What is required:
Exclude the pictures and reproduce exactly the lines that run from the one holding "阿斯特拉斯特里波利斯1-0奥林匹亚科斯,E-亚布隆斯基一锤定音" to the end of the entries below.

Task material:
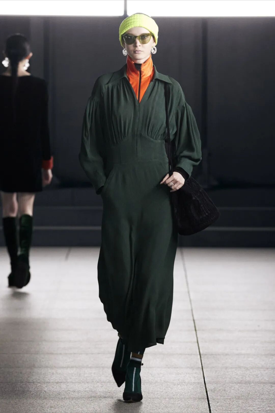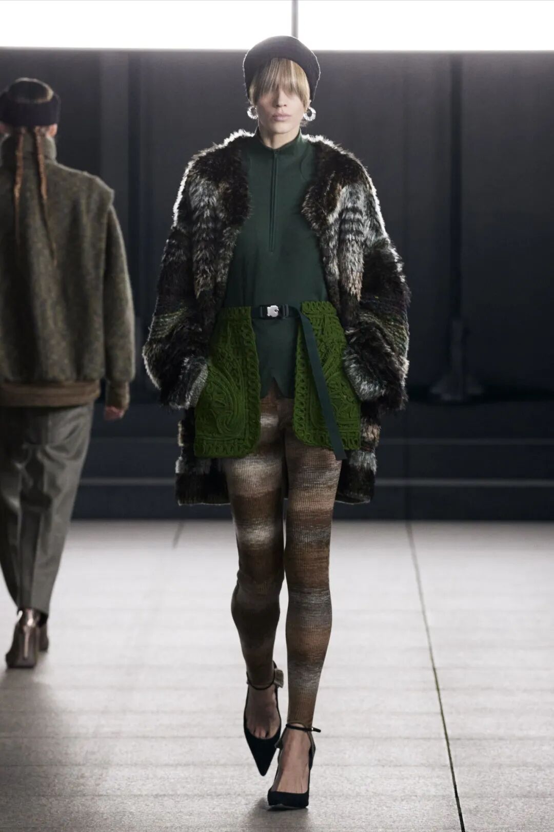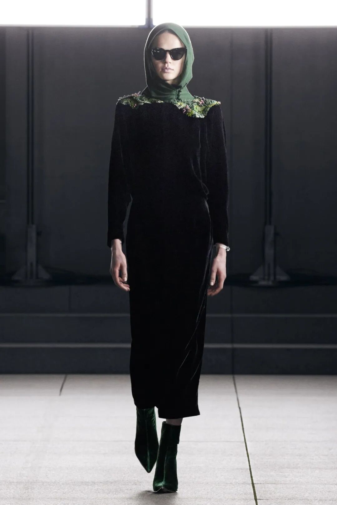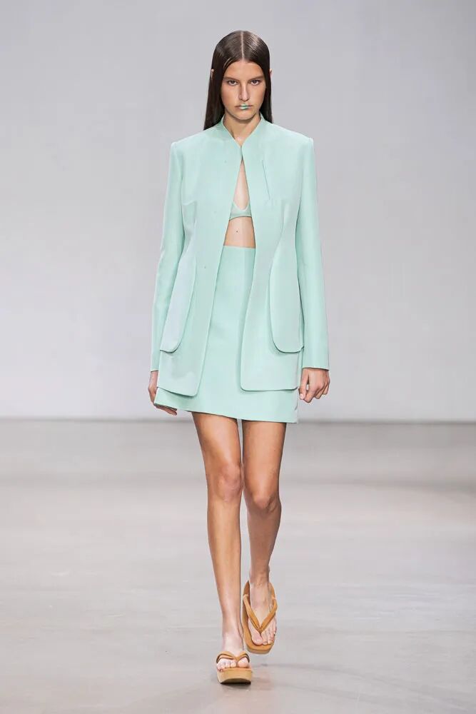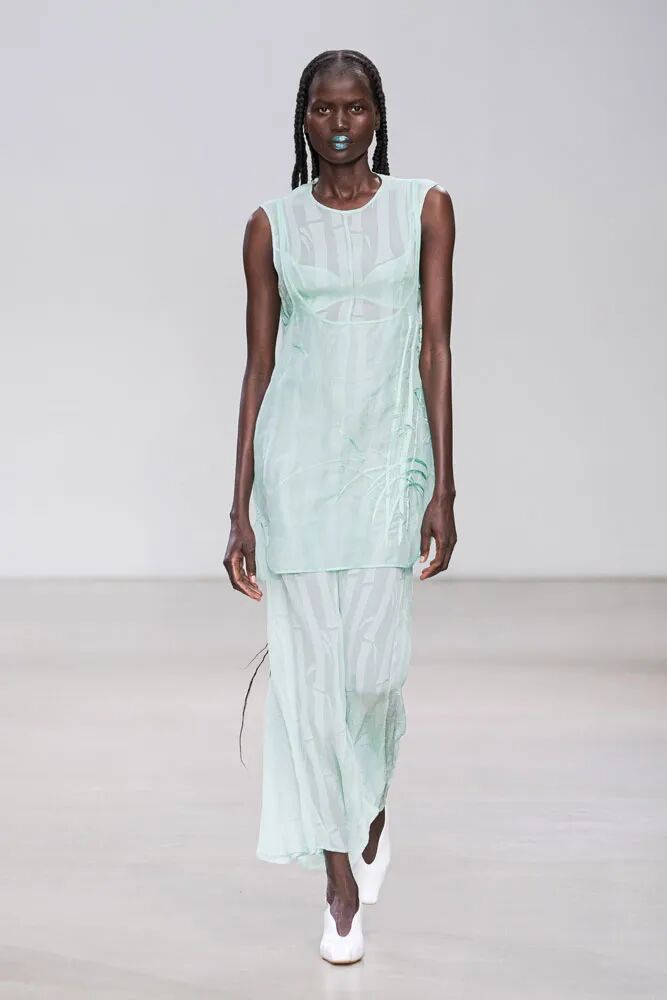 竹子主题在整个系列中得到了许多诗意化的诠释。例如,清新的薄荷绿色调激发了一些丝绸服装的灵感,在一些裙子上绣着由Kurogouchi自己设计的由竹叶交织而成的精致图案。
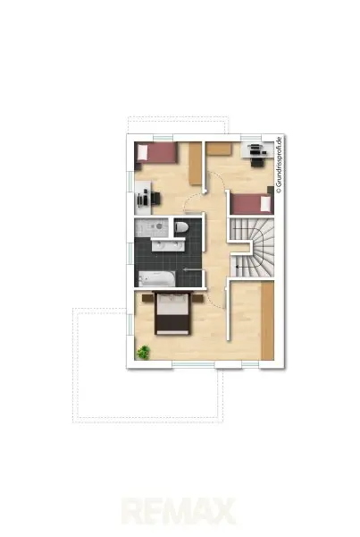Im Obergeschoss stehen drei Schlafzimmer zur Verfügung, eines davon mit Schrankraum, weiters der Flur sowie das Badezimmer mit Dusche und Badewanne.
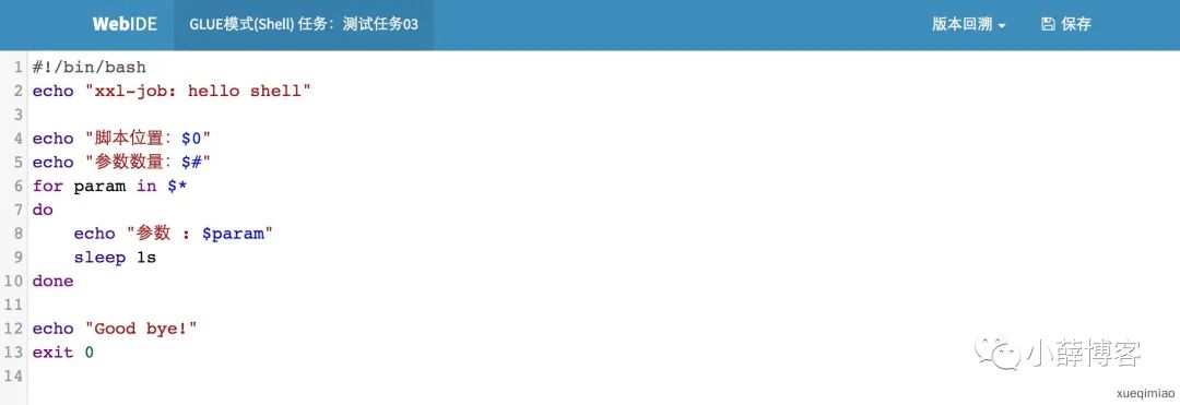 • 20、脚本任务:支持以GLUE模式开发和运行脚本任务,包括Shell、Python、NodeJS、PHP、PowerShell等类型脚本;
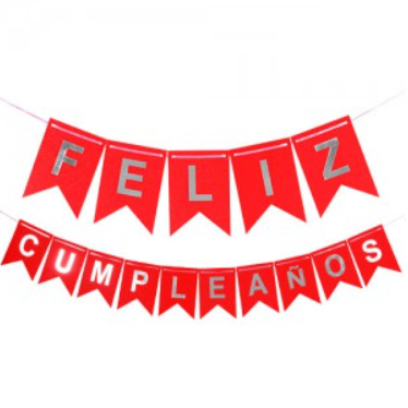 Banderín ROJO "Feliz cumpleaños" glitter
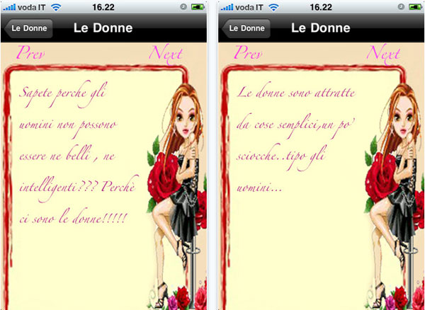 Sapete perché gli uomini non possono essere né belli né intelligenti? Semplice: perché ci sono le donne! Ecco un esempio delle 100 frasi incluse nel programma gratuito Le Donne per iPhone e touch. Motti di spirito, non-sense e luoghi comuni, 100 frasi da leggere o da raccontare sempre con il sorriso sulle labbra, per il misogino che c’è in noi ma anche per le signore con iPhone e touch disposte a sorridere sulle debolezze e le virtù del gentil sesso
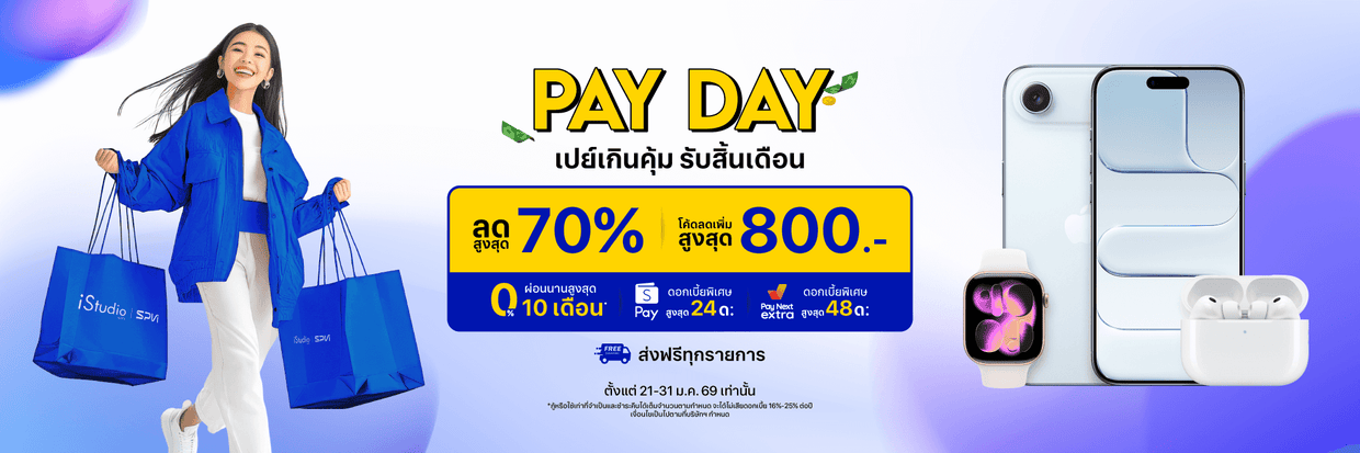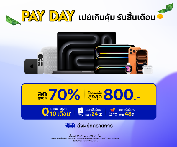 PAY DAY ซื้อสินค้า Apple รับโค้ดลดเพิ่มสูงสุด 800.- วันนี้ - 31 ม.ค. 69
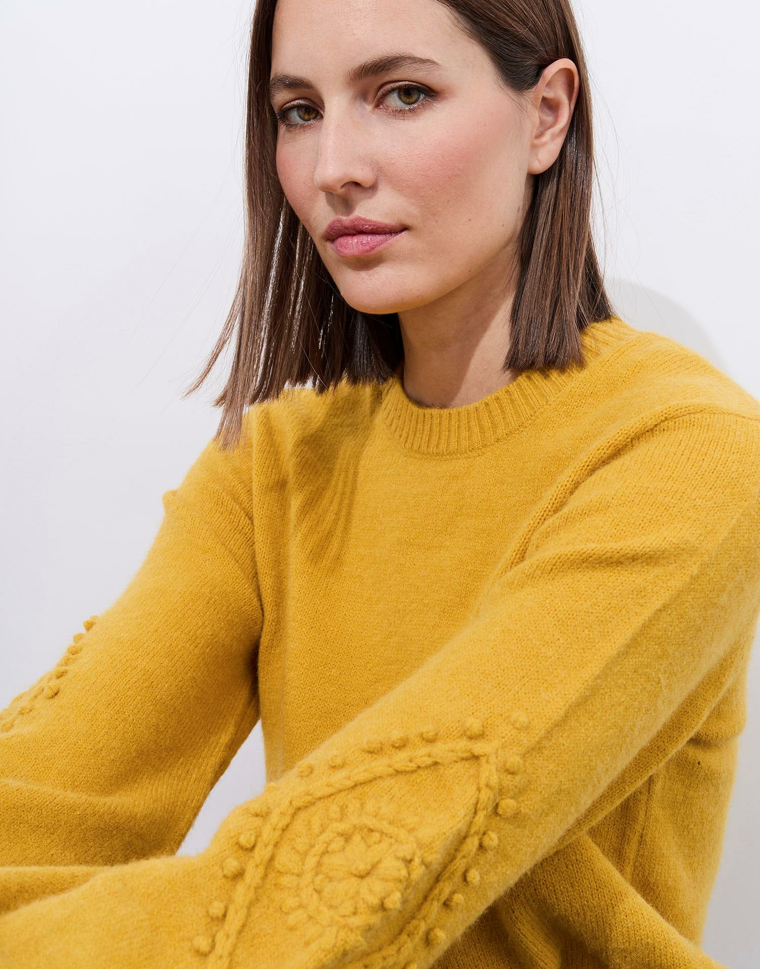 Mannequin mesurant 1m75 portant une taille 01. Pull épais uni à col rond, manches longues bouffantes avec broderies sur les manches. Couleur jaune.
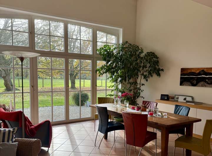 Sechs gut geschnittene Räume dieses freistehenden Hauses sorgen für genügend Platz zum Entfalten und Wohlfühlen. Im Erdgeschoss befindet sich der repräsentative Wohnbereich mit offenem Kamin und Galerie, sowie die angrenzende Küche und ein Esszimmer. Durch einen doppelflügeligen Austritt erreicht man die Terrasse und eine zweite überdachte Terrasse mit Blick in die unverbaute, freie Natur über Wiesen und Wälder.
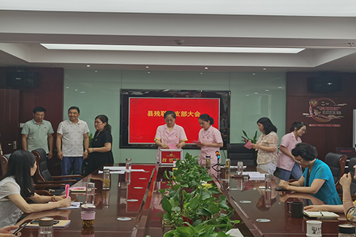 7月1日上午,县残联党支部于综合服务中心三楼会议室召开党员大会,研究讨论发展对象朱茜等4名同志接收为中共预备党员及预备党员王洁同志转正事宜。党支部书记陈爱萍主持会议,支部全体党员参会。
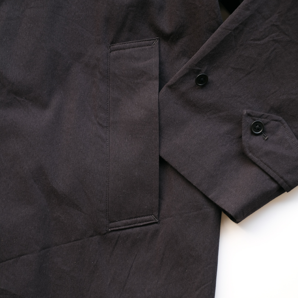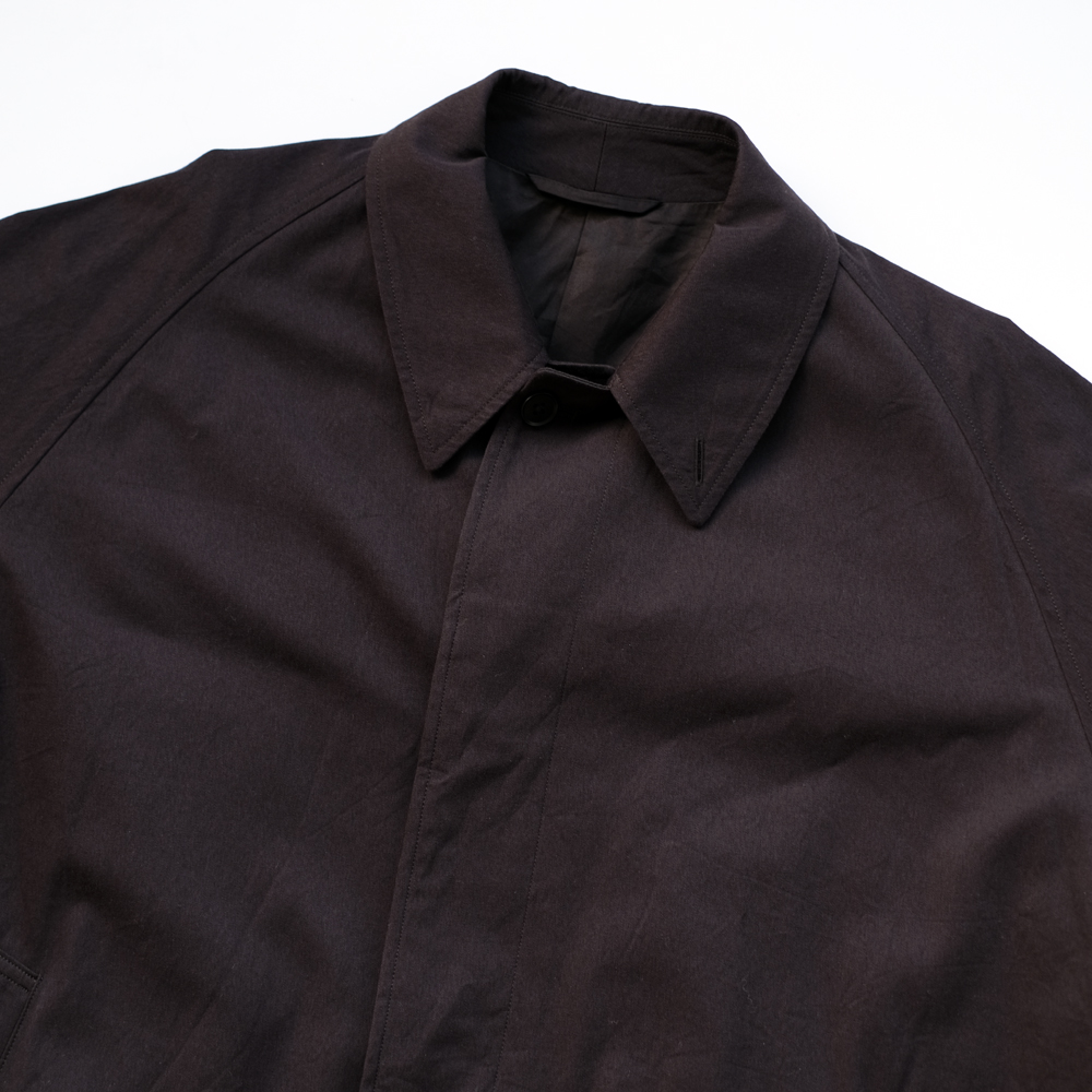 こちらは杢糸(もくいと)にした超長綿GIZAとSUPIMAの細番手を使用してシャンブレーにて高密度に織り上げた新作のコットンより杢ギャバジン素材のコートになります。 洗い晒しの風合いも抜群な一着です。
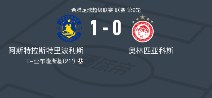 阿斯特拉斯特里波利斯1-0奥林匹亚科斯,E-亚布隆斯基一锤定音
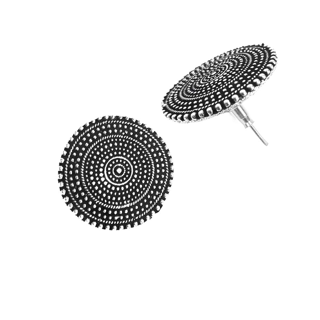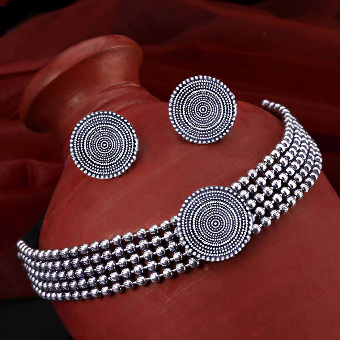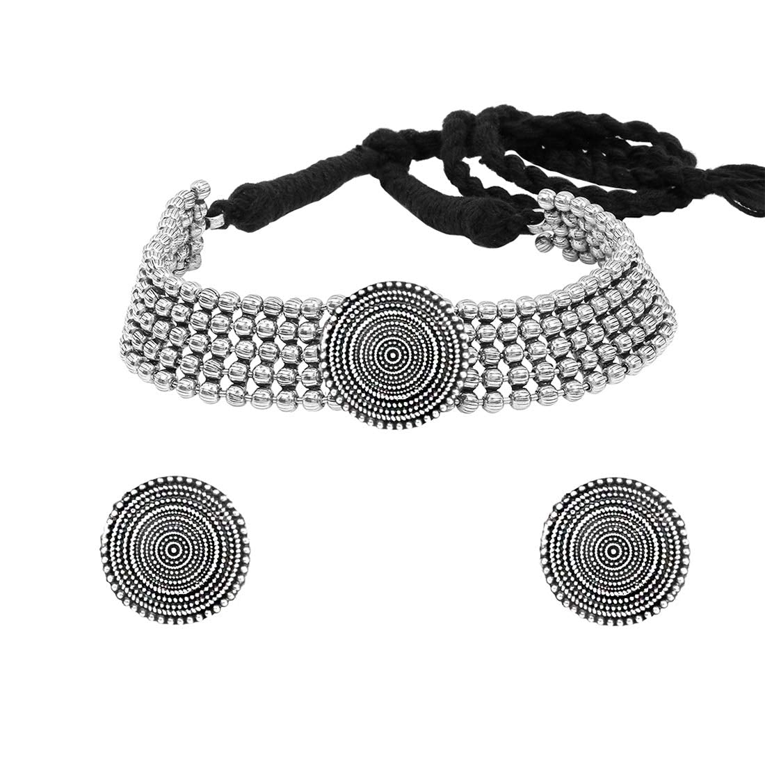 Ethnic Oxidised Silver Threaded Jewelry Beads Traditional Choker Necklace Set for Women and Girls, medium (YCTJNS-49OXDCIRCL-SL)

Task result:
 阿斯特拉斯特里波利斯1-0奥林匹亚科斯,E-亚布隆斯基一锤定音
 Ethnic Oxidised Silver Threaded Jewelry Beads Traditional Choker Necklace Set for Women and Girls, medium (YCTJNS-49OXDCIRCL-SL)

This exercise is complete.